(Data to process begins)

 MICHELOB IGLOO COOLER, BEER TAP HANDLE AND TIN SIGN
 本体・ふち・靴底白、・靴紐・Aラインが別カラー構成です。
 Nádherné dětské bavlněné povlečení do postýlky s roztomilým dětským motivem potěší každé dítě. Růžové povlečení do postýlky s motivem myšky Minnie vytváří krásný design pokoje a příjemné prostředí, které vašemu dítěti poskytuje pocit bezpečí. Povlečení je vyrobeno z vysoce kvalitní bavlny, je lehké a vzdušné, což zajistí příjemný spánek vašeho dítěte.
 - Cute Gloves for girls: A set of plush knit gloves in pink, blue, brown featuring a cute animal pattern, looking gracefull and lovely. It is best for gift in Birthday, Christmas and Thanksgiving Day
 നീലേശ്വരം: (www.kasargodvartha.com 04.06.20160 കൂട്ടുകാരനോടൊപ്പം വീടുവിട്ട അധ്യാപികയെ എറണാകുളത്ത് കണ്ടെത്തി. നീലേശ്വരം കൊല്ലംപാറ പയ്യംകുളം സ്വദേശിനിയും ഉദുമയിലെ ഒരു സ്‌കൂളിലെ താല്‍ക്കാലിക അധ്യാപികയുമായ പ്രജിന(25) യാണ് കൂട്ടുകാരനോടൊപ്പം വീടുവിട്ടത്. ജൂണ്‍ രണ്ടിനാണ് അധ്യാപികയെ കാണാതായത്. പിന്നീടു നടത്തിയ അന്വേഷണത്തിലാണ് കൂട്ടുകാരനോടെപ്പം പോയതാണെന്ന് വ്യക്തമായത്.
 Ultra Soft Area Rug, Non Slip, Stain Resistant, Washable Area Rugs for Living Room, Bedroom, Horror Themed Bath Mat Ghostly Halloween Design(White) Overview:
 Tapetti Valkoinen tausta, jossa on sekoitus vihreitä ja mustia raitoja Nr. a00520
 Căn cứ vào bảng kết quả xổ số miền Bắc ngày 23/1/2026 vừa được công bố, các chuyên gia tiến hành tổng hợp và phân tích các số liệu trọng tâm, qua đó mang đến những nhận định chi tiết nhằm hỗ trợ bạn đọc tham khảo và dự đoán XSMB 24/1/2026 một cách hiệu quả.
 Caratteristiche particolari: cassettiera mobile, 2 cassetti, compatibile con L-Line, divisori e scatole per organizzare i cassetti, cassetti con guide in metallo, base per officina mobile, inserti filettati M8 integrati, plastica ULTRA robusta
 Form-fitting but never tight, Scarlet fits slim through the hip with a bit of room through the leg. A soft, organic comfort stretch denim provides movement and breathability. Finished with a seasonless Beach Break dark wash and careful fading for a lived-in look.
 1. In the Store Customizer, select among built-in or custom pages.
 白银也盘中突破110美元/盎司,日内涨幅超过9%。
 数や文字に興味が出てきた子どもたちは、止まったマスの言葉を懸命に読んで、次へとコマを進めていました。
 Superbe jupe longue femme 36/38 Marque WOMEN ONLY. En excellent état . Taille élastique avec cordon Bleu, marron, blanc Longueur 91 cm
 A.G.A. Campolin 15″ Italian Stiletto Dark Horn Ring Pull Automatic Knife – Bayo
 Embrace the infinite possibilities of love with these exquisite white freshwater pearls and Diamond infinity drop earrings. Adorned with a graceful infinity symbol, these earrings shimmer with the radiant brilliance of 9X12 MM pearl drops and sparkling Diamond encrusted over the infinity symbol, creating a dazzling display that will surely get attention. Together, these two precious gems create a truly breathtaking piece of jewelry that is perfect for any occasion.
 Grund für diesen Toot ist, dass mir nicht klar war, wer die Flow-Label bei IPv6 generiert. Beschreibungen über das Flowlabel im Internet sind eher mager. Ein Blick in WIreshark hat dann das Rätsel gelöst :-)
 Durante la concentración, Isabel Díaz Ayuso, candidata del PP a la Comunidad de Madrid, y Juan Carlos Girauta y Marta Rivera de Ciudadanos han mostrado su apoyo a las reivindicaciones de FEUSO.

(Data to process ends)

■ **Task requirements**: What is needed is an exact copy of the entries above, from the first line through the line holding "本体・ふち・靴底白、・靴紐・Aラインが別カラー構成です。", with both of those lines kept; please give nothing else.

■ **Task solution**:
 MICHELOB IGLOO COOLER, BEER TAP HANDLE AND TIN SIGN
 本体・ふち・靴底白、・靴紐・Aラインが別カラー構成です。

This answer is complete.